Before I begin the story of Mrs. Khan, the facial lady, let me give you a brief background about her family situation; Mrs. Khan is married and lives with her husband, two daughters and a mother in law. Her husband hasn’t been quite lucky with jobs and has been on and off work for a while, consequently being unable to support his family as a man in Pakistani society should. In order to meet the needs of the household, Mrs. Khan runs a salon in her garage after six pm and her afternoons are spent running a gym and giving Yoga lessons at home. Mrs. Khan’s mil, too, happens to support the family financially, by running a Montessori on the Ground floor of the house. So far, so good?

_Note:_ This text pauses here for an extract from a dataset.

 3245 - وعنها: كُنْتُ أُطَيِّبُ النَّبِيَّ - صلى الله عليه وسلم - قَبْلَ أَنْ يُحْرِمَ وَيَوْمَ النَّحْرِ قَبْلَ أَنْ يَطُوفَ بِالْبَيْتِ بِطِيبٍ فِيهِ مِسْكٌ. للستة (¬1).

So what makes things at home “worse” for Mrs. Khan? 

Her mother in law.

It is true that the principal of a Montessori, an educator, a woman children look up to and parents have high expectations from, is actually an old school  monster at home. Who would have thought? And all because her daughter in law failed to produce a son! It’s been over twenty years since Mrs. Khan got married and moved in with her husband, and her mil’s been after her life ever since. “I don’t understand why women get their sons married if they can’t stand sharing them with another woman! Is it just so somebody can do the housework and be at their son’s beck and call? Why are we reduced to becoming faceless slaves if we fail to produce a boy?” cried Mrs. Khan angrily. 

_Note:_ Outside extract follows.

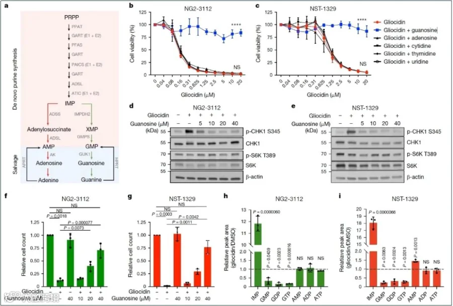 · 抑制从头鸟嘌呤合成:Gliocidin处理导致复制应激标记物磷酸化CHK1(p-CHK1)水平增加,而mTORC1活性标记物磷酸化S6激酶(p-S6)水平不受影响。补充鸟苷可挽救Gliocidin诱导的细胞死亡,并且这种挽救依赖于嘌呤补救途径。液相色谱-串联质谱(LC-MS/MS)分析表明,Gliocidin处理后,IMPDH2上游的IMP积累,其下游产物鸟嘌呤核苷酸GMP、GDP和GTP减少,表明Gliocidin可能阻碍从头鸟嘌呤核苷酸合成。

 Mrs. Khan’s mother in law makes it a point to verbally abuse her on a daily basis, not helping out with any of the house chores and making life impossible for servants, ensuring their immediate departure from the house. So Mrs. Khan has to shoulder the burden of two of her businesses along with the demanding chores of the household. Even her daughters are not spared! They too have to suffer the consequences of simply having been born. Mr. Khan does not join his mother in verbally assaulting his wife, but his lack of support in defending her feels like a physical blow to his wife. With constant bickering and a lack of social life, Mrs. Khan’s world is dark, depressing and forever ruined.

But this was not as shocking to hear as the story that Mrs. Khan narrated next. One of Mrs. Khan’s Yoga students recently got a divorce. She was married for a total of four months in which her husband would beat her up occasionally, her mother in law would time her showers, meals, chores, calls and everything else she did, physically reprimanding her if she exceeded the allotted time. Together, they made her life a nightmare with verbal and physical abuses that could easily damage a girl’s soul. Finally, four months into the marriage when the girl was pregnant, she was sent to her mother’s house and a divorce notice followed a week later. The girl lost her baby from shock. 

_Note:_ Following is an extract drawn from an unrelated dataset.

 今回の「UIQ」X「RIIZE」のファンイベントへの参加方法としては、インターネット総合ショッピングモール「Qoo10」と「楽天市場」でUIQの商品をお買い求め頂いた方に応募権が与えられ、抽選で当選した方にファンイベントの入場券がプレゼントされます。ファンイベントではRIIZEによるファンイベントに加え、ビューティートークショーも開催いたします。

There are so many such cases that Mrs. Khan comes across on a regular basis and she feels that it has become a common problem in most households. Mothers in law are treating their newly wed daughters in law as competition, trying to show them who’s boss by repressing them every chance they get. These repression tactics often get out of control and result in physical abuse and a destroyed marriage. Husbands do not stop this constant battle because they usually feel more loyal towards their mothers and believe the wife must deserve whatever comes her way. Sometimes, husbands may take part in the joys of beating up the helpless woman, while at other times, he may feel benevolent and ignore her. What I fail to understand is why educated men, coming from apparently respectable families, do not find this violence shocking or even unjust? Why do young girls, who have an MBA degree and a certain level of independence that comes with it, not stand up to such violence and walk out?

Why are so many women going through this today? This is not something that happens in illiterate families because, if the principal of a Montessori can enjoy being a monster in law, then why not any ordinary educated housewife? Can these atrocities be stopped by limiting arranged marriages? Or are these problems a result of living in large joint families? Why do these things happen in this day and age? When did these older women lose their consciences?

Once the cleansing was complete, my mother in law and I exchanged a look that probably conveyed a million thoughts in a second. I left the small salon with many questions and several concerns, but with certainty regarding one thing; I have the best in laws ever and I am a very very lucky girl.